▶ _DIRECTIONS FOR THIS TASK_: The expected response is an exact repetition of every record, with images excluded.

▶ _Collected data_:
───
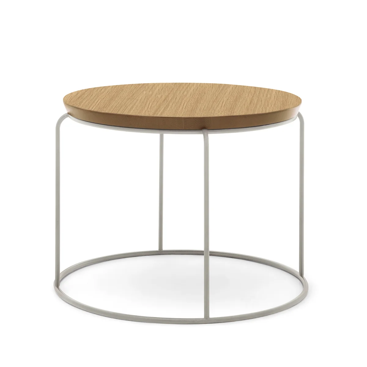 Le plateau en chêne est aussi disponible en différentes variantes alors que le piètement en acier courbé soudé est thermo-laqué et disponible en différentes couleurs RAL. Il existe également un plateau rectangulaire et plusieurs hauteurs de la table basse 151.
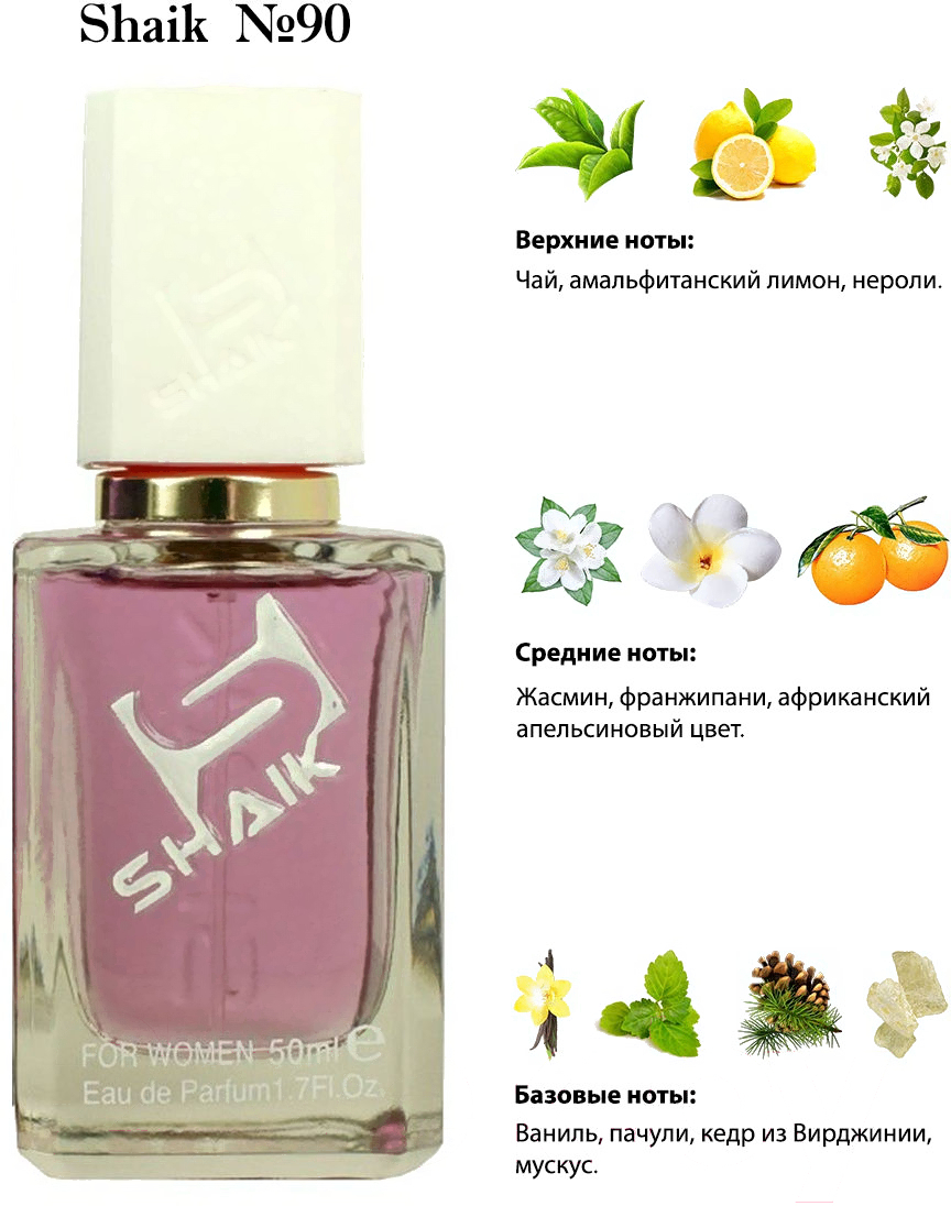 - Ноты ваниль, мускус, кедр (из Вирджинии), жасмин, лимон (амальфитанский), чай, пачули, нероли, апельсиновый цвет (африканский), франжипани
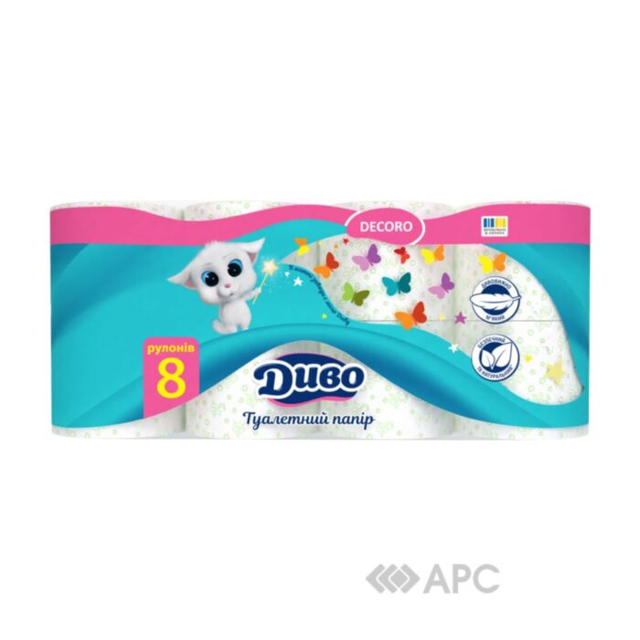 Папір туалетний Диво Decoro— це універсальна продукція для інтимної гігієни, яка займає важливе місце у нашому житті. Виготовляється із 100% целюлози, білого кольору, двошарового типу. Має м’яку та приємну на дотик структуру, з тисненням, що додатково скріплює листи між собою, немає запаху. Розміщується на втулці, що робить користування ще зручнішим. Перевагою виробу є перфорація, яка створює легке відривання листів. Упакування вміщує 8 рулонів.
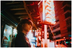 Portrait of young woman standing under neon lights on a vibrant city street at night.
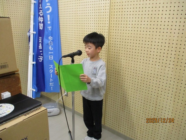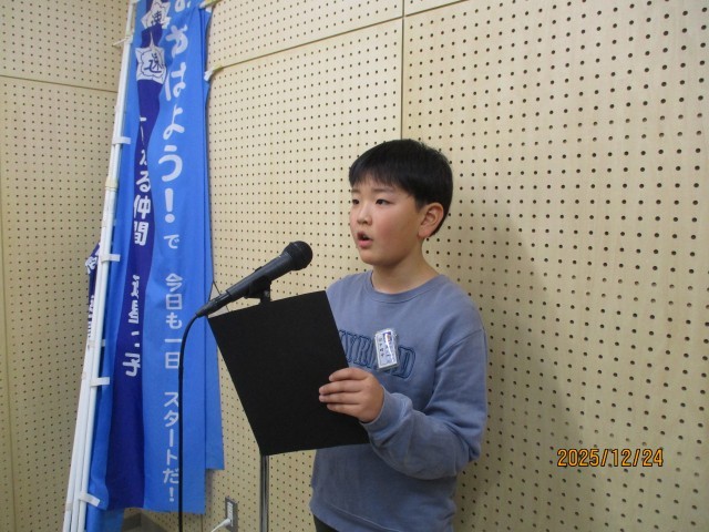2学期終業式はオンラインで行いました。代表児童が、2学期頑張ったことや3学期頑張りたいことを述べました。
───
▶ _RESULT FOR THIS TASK_:
 Le plateau en chêne est aussi disponible en différentes variantes alors que le piètement en acier courbé soudé est thermo-laqué et disponible en différentes couleurs RAL. Il existe également un plateau rectangulaire et plusieurs hauteurs de la table basse 151.
 - Ноты ваниль, мускус, кедр (из Вирджинии), жасмин, лимон (амальфитанский), чай, пачули, нероли, апельсиновый цвет (африканский), франжипани
 Папір туалетний Диво Decoro— це універсальна продукція для інтимної гігієни, яка займає важливе місце у нашому житті. Виготовляється із 100% целюлози, білого кольору, двошарового типу. Має м’яку та приємну на дотик структуру, з тисненням, що додатково скріплює листи між собою, немає запаху. Розміщується на втулці, що робить користування ще зручнішим. Перевагою виробу є перфорація, яка створює легке відривання листів. Упакування вміщує 8 рулонів.
 Portrait of young woman standing under neon lights on a vibrant city street at night.
2学期終業式はオンラインで行いました。代表児童が、2学期頑張ったことや3学期頑張りたいことを述べました。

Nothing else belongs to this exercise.